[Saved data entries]
##############################
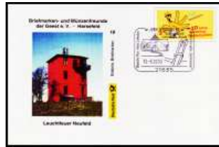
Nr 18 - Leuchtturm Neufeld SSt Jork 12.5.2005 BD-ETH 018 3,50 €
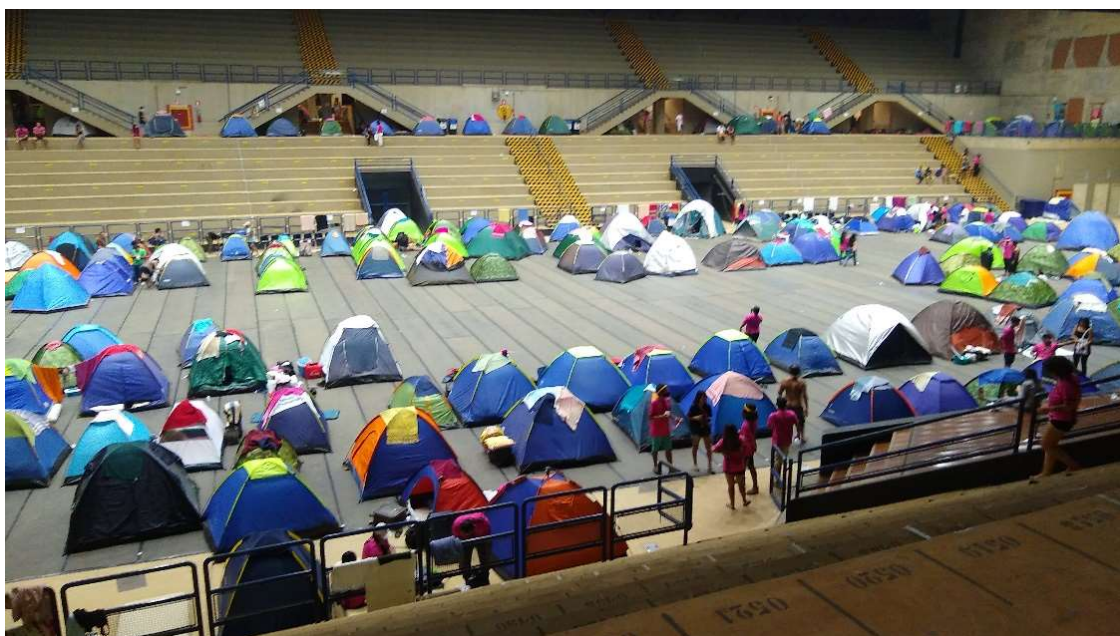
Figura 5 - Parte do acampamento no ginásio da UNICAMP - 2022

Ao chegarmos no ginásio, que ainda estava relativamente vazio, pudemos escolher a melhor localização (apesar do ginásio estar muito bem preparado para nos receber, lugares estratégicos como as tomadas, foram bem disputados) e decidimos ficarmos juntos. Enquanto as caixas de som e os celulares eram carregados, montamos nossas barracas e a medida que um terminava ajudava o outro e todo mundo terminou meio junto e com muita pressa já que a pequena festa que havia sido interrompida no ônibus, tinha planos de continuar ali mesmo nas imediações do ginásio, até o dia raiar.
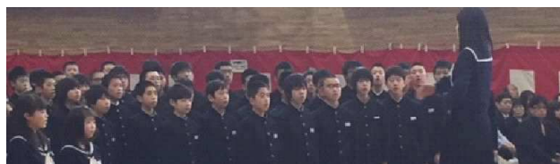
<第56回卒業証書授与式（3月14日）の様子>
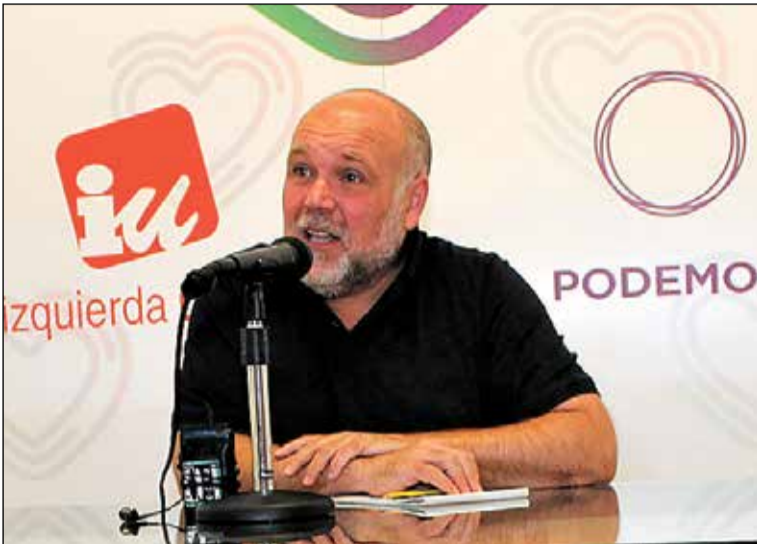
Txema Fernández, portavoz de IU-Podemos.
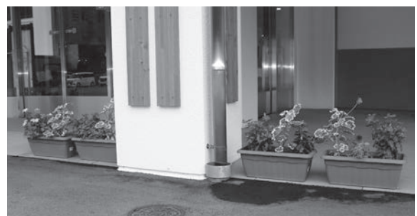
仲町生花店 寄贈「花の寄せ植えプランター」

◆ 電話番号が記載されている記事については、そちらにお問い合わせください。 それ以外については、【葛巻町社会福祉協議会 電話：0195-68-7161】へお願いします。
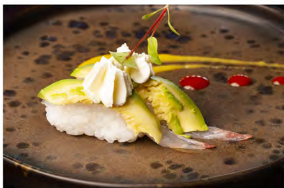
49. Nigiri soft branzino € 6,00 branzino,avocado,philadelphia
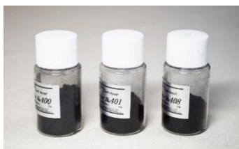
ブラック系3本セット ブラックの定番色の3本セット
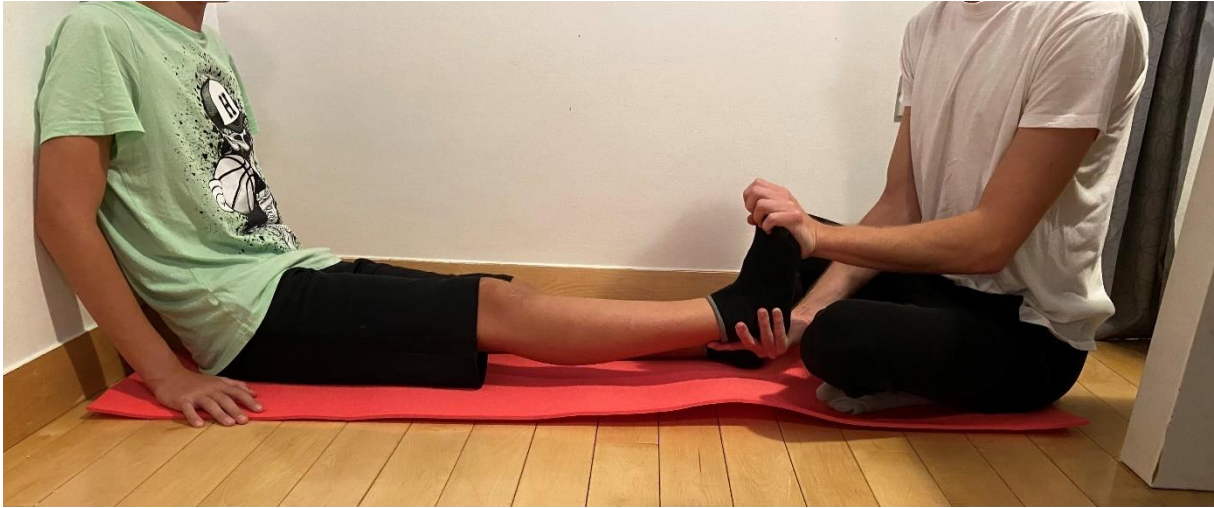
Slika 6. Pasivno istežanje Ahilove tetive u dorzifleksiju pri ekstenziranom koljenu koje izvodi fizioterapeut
##############################
* [Aim of the task] Word for word, set down every record, keeping the images out.

* [Answer to this problem]
Nr 18 - Leuchtturm Neufeld SSt Jork 12.5.2005 BD-ETH 018 3,50 €
Figura 5 - Parte do acampamento no ginásio da UNICAMP - 2022

Ao chegarmos no ginásio, que ainda estava relativamente vazio, pudemos escolher a melhor localização (apesar do ginásio estar muito bem preparado para nos receber, lugares estratégicos como as tomadas, foram bem disputados) e decidimos ficarmos juntos. Enquanto as caixas de som e os celulares eram carregados, montamos nossas barracas e a medida que um terminava ajudava o outro e todo mundo terminou meio junto e com muita pressa já que a pequena festa que havia sido interrompida no ônibus, tinha planos de continuar ali mesmo nas imediações do ginásio, até o dia raiar.
<第56回卒業証書授与式（3月14日）の様子>
Txema Fernández, portavoz de IU-Podemos.
仲町生花店 寄贈「花の寄せ植えプランター」

◆ 電話番号が記載されている記事については、そちらにお問い合わせください。 それ以外については、【葛巻町社会福祉協議会 電話：0195-68-7161】へお願いします。
49. Nigiri soft branzino € 6,00 branzino,avocado,philadelphia
ブラック系3本セット ブラックの定番色の3本セット
Slika 6. Pasivno istežanje Ahilove tetive u dorzifleksiju pri ekstenziranom koljenu koje izvodi fizioterapeut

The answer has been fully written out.